Between WhatsApp greetings and headlines of horror.
As we step into the 78th year of our independence, thousands of Indians like you and me are stuck in a dilemma. Should our chests be puffed with pride today, or our eyes downcast with shame? Our WhatsApps are flooded with “Happy Independence Day” messages. Social media, on the other hand, is ablaze with the rape and murder of a young doctor on duty. Oxymorons.

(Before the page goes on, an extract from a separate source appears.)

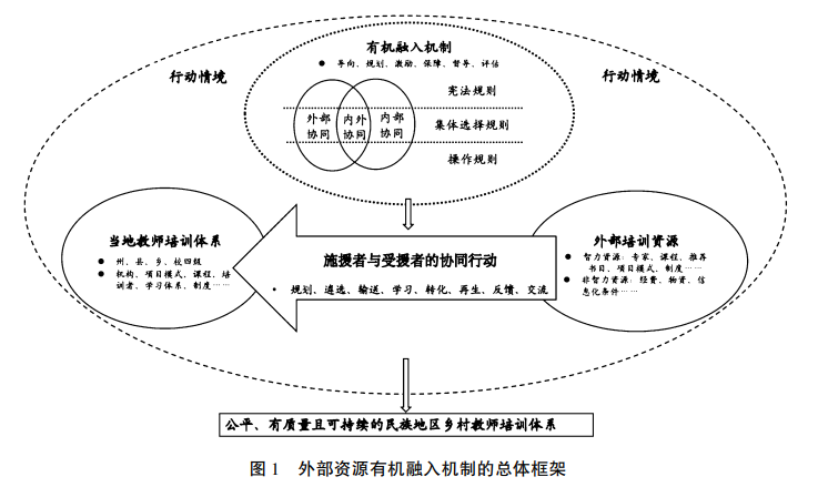 综上分析,本文针对外部培训资源与当地受援者之间存在适切性不够、系统性不足、持续性不强、再生较少等问题,提出“外部资源有机融入”这个本土化的概念,并借鉴制度理性选择理论,从中央层面宪法规则、地方各级政府和机构层面集体选择规则以及帮扶双方个体操作规则三个层次以及内部、外部、内外部之间三个协同,对外部资源有机融入民族地区乡村教师培训体系所需要的机制进行构建,并尝试进行以制度为中心的纵贯分析和协同分析。基于制度理性选择理论并进行一定的拓展延伸,建立如下能够反映在有机融入机制与协同行动作用下外部资源与民族地区乡村教师培训体系各要素有机整合的逻辑关系图(见图1)。
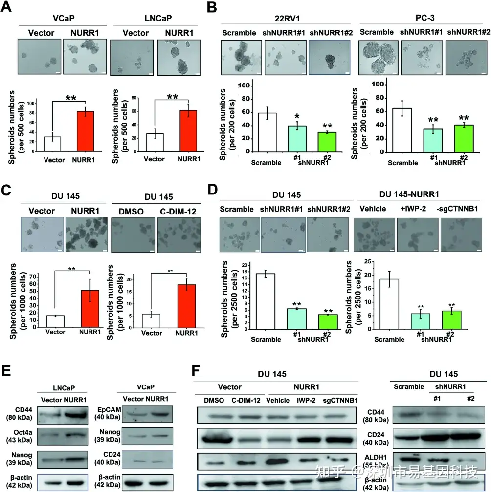 图4:NURR1能够增强前列腺癌细胞的体外干细胞特性。

My thoughts are like vagrant street urchins today, running wayward in different directions. I am a proud Indian. Undoubtedly, in the past few decades, India has emerged as a global entity to be reckoned with. We are now the world’s fifth-largest economy, with one-third of Silicon Valley powered by our people. We own Jaguar Land Rover. We are the second-largest smartphone market and telecom industry. We became the “Pharmacy of the World” during Covid. ISRO’s Chandrayaan-3 reached the South Pole of the moon. We brought home an Oscar. We excelled in sports. The list is undeniable.
We are also the only nation that clapped from our balconies to cheer medical staff during Covid. And yet, four and a half years later, we are the same nation where a female doctor was barbarously raped and murdered while on duty. Reports speak of torture, broken limbs, bleeding eyes. Glass shards were found in them—did her rapists want to erase the reflection of their own crime?
She is not the only one. There was Nirbhaya. The sisters in Baduan. Laxmi drenched in acid. Anjali dragged for kilometres. The Kathua child. The Hyderabad vet. The list is endless. What has changed since the past? Since “development”? What is the difference between the atrocities of Partition in 1947, the crimes against Sikhs in 1984, and now? Then it was women who paid the price. Now, it is still women who pay. Our bodies remain the battlefield on which the nation rehearses its violence.
So tell me—should we feel happy this Independence Day? Should these filthy hands even be allowed to hoist our national flag? We call this country “Bharat Mata,” and this is how we treat our women. Doesn’t that say everything about our values?
Independence cannot only be about pride. If freedom must mean anything, it must begin with the safety of our women. Until then, “Happy Independence Day” will always taste of blood.
Note: This piece was written on August 15, 2024, during the 78th Independence Day celebrations.